Originally posted by ZahlanziDude, most of us can also write a code to solve this in a few minutes.
"Now try using least common multiples"
everyone will be doing that, no fun.
But, fair enough, you're right that this is a problem that is adequate to solve by coding. I'm sorry if I sounded like the P&P security force. 😵
It's easier to think about if you visualize it (for me at least!)
Only boys 3 and 4 are causing any problems because they are both opening and closing lockers. Let's start with the configuration after boy 2 has gone through:
O= open
L= closed (to avoid confusion between O and C, which I find to be distracting...)
After boy 2 goes through, the configuration of the first 33 lockers looks like this:
O L O L O L O L O L O L O L O L O L O L O L O L O L O L O L O L O
Now, we let boy 3 go through and do his thing, we are left with the configuration:
O L L L O O O L L L O O O L L L O O O L L L O O O L L L O O O L L L
Now, since we're going to be concerned with what the fourth boy is going to do to every fourth locker, we can group them into groups of four:
{OLLL} {OOOL} {LLOO} {OLLL} {OOOL} {LLOO} {OLLL} {OOOL} {LLOO}
It's pretty clear the it's following some sort of pattern, namely ({OLLL} {OOOL} {LLOO}) repeats over and over again. How many times?
Well each group contains 12 lockers. 1000 divided by 12 is 83 1/3, meaning that the groups will repeat 83 times with an extra {OLLL} thrown in at the end.
Now, if we let the fourth boy do his thing, the pattern will change to:
{OLLO} {OOOO} {LLOL} (because every fourth locker changed its status)
We know that these groups repeat 83 times, plus an extra {OLLO} at the end, so we just need to count up
Each group has 7 open lockers and 5 closed lockers, so 83*7 = 581, and 5* 83 = 415, plus the additional {OLLO} gives:
583 open lockers and 417 closed lockers.
Hmm, it occurs to me to find the LCM and figure out what portion of those are open and closed.

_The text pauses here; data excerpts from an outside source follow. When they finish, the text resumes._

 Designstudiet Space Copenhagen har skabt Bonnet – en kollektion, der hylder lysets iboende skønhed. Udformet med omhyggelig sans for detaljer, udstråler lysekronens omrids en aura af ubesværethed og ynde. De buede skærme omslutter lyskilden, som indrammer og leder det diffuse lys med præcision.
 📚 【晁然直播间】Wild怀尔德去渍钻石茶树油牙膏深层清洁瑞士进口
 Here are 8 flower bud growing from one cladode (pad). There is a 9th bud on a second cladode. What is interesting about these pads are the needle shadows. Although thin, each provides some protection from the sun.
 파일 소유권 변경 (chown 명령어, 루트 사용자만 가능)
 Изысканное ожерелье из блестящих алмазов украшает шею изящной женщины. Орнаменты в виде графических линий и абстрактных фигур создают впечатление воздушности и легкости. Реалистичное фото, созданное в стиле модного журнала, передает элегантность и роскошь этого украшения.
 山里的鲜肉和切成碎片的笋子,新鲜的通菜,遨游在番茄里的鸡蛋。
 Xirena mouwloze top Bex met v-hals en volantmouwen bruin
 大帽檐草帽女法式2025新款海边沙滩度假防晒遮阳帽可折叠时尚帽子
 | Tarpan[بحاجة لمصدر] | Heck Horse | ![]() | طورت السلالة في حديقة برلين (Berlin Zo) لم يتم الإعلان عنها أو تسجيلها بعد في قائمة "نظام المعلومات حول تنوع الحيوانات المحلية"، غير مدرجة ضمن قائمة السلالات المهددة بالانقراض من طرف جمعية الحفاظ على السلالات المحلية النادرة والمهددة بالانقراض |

Then figure out how many are left after all the complete runs are done.
Unfortunately, this runs into a little problem in that you have 4,294,967,301 lockers, and an LCM of 5,354,228,880.
However, if you could determine the first 22 boys (LCM=232,792,560), then figuring out and swapping the state of every 23rd locker, it may be more easily solved with a mere 186,737,708 checks for the final run.